(Beginning of DATA SECTION)

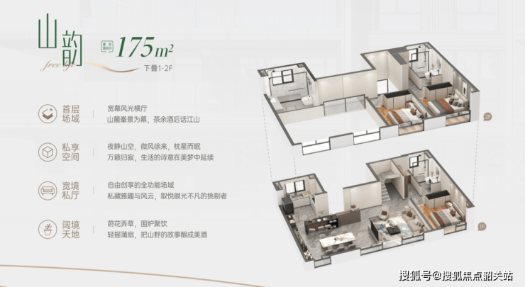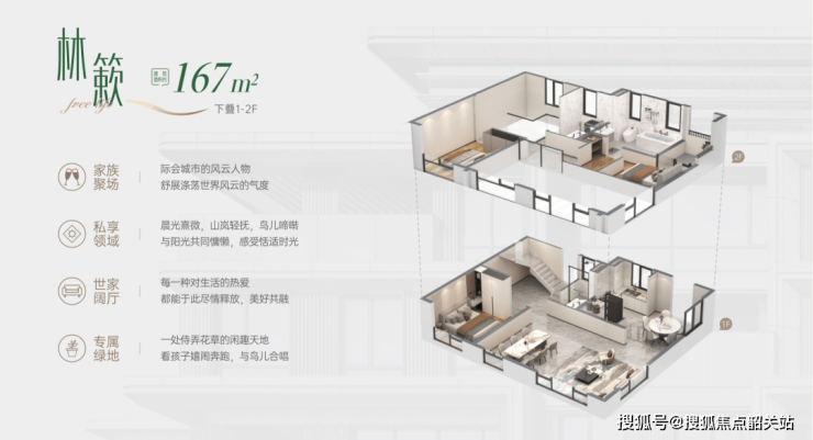 在叠墅产品方面,143-175平方米的上下叠与平层组合,更是项目的亮点。下叠户型赠送地下室与专属绿地,使用率高达300%,167平方米的边户总价预计在1100-1300万,一线望山看水,私享天地;175平方米的中间户总价约900万,性价比更高,且多一个卫生间。上叠173平方米户型,使用率约200%,客厅层高达到6.6米,宛如大面宽的复式产品,通透大气。顶楼149平方米平层,赠送约30平方米的露台大花园,可作为BBQ区或茶室,享受空中生活的乐趣。
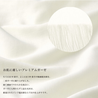 たてには80番手、よこには100番手の極細超長綿を、二重ガーゼに織り上げました。細く繊細でやわらかな風合い、ガーゼにも関わらず上品な光沢は、厳選されたインド超長綿ならではの仕上がりです。抗菌防臭加工SEKマーク取得の生地です。
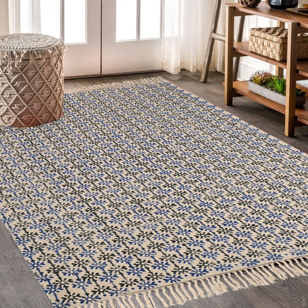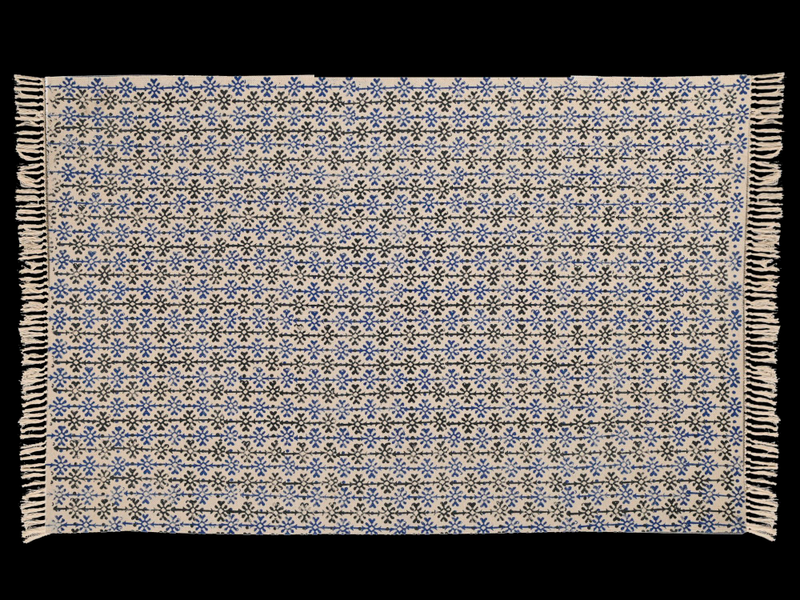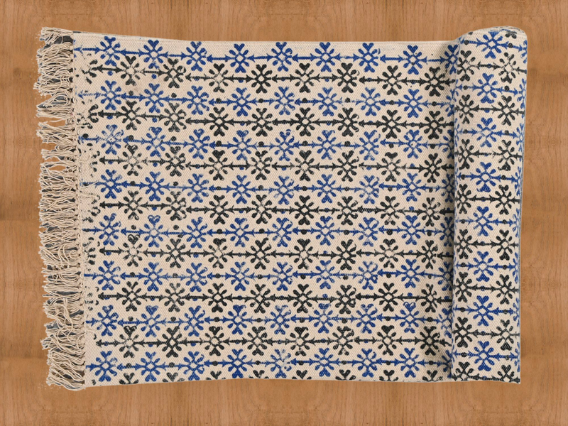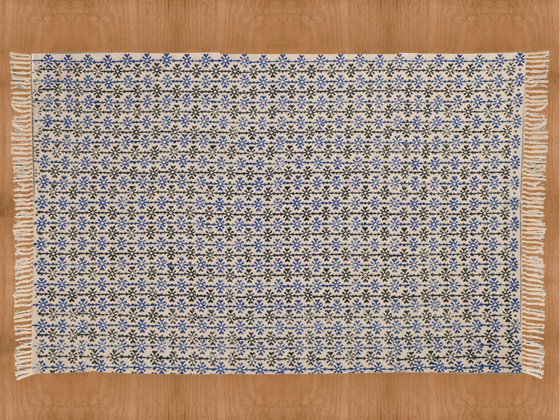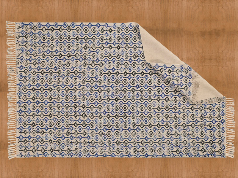 Making - Our rugs are made from locally sourced sustainable materials. We use 100% cotton yarn as the primary raw material to hand weaves the rugs. The yarn is also hand spun by our weavers. This hand loomed rug is an amalgamation of simple yet effective hand blocks designs.

(End of DATA SECTION)

### DIRECTIONS FOR THIS TASK
Return the lines above exactly; the images are not part of the copy.

### EXERCISE OUTPUT
 在叠墅产品方面,143-175平方米的上下叠与平层组合,更是项目的亮点。下叠户型赠送地下室与专属绿地,使用率高达300%,167平方米的边户总价预计在1100-1300万,一线望山看水,私享天地;175平方米的中间户总价约900万,性价比更高,且多一个卫生间。上叠173平方米户型,使用率约200%,客厅层高达到6.6米,宛如大面宽的复式产品,通透大气。顶楼149平方米平层,赠送约30平方米的露台大花园,可作为BBQ区或茶室,享受空中生活的乐趣。
 たてには80番手、よこには100番手の極細超長綿を、二重ガーゼに織り上げました。細く繊細でやわらかな風合い、ガーゼにも関わらず上品な光沢は、厳選されたインド超長綿ならではの仕上がりです。抗菌防臭加工SEKマーク取得の生地です。
 Making - Our rugs are made from locally sourced sustainable materials. We use 100% cotton yarn as the primary raw material to hand weaves the rugs. The yarn is also hand spun by our weavers. This hand loomed rug is an amalgamation of simple yet effective hand blocks designs.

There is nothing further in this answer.